We always go back and forth like this, engaging in silly examples of symbolism and metonymy until someone gives in, but there’s only so many representations of the whole you can come up with before you run out.
She waves her scepter. “The crown commands the Royal Linguists to come up with more funnies!”
The cunning linguists bow.

The Lists

When it comes to paperwork, we have things down to a science here at the prison.
(We certainly get enough practice at it these days.

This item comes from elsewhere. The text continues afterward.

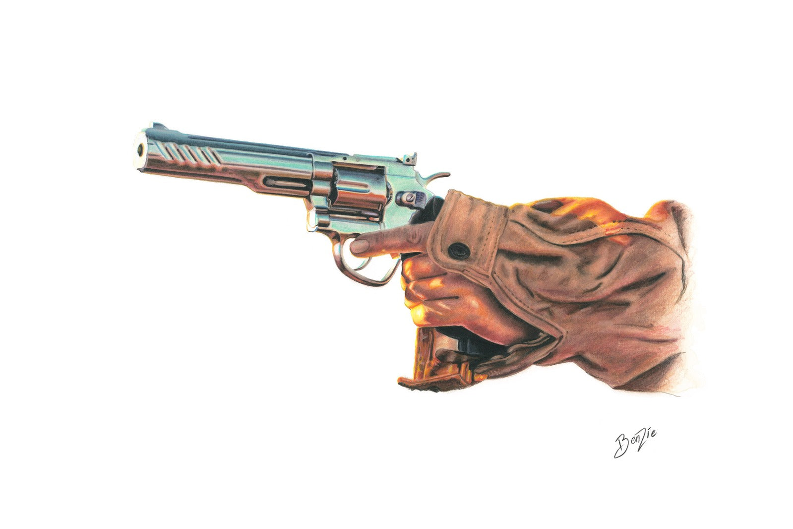 The jacket's golden brown color blended seamlessly with the earth around her, while its worn edges hinted at countless adventures. As she raised her revolver, the metallic sheen caught the light, contrasting sharply with the warm tones of the landscape.

Stupid food riots and rebellion!)
Every morning, the king sends down a list of executions.
Then, in the evening, he sends down a list of pardons.
However, after releasing a bunch of people last night, we got an identical list of names this morning.
“Wasn’t that the list from last night?” I asked.
The messenger checks.
“Uh oh,” he says. “I’d better fix this.”
He adds my name.
“We’ll just say it was your fault!”

Blind Justice

Maybe back in the days of the Ancients, Perseus would have cut off a Gorgon’s head and bagged it, but today we’ve got a little something called The Law.
And nobody’s actually passed a law against petrification besides First Degree Assault By Witchcraft.
Lawyers say it’s not like she’s killed anyone. Just turned them to stone, that’s all.
“If there’s a magical curse of the Gods that petrifies people, then there’s probably a blessing that depetrifies them.”
We send in the robots, fire up the speakers, read her rights to her, and she asks for an attorney.
A blind attorney.

Dr. Vickers

Dr. Vickers told me there’s only three directions you can run:
To something.
Away from something.
And in circles.
Ten years of coming here, laying on this couch and telling him everything.
He takes a stack of notes from his desk drawer.
“Do you know what this is?” he asks.
I shake my head.
“It’s you,” he says.
He walks to his fireplace and tosses the notes on to the fire.
“You’ve been going in circles all this time. Now, you’re going to leave here.”
“Where will I go?” I ask.
“That’s your decision,” he says, and opens the door.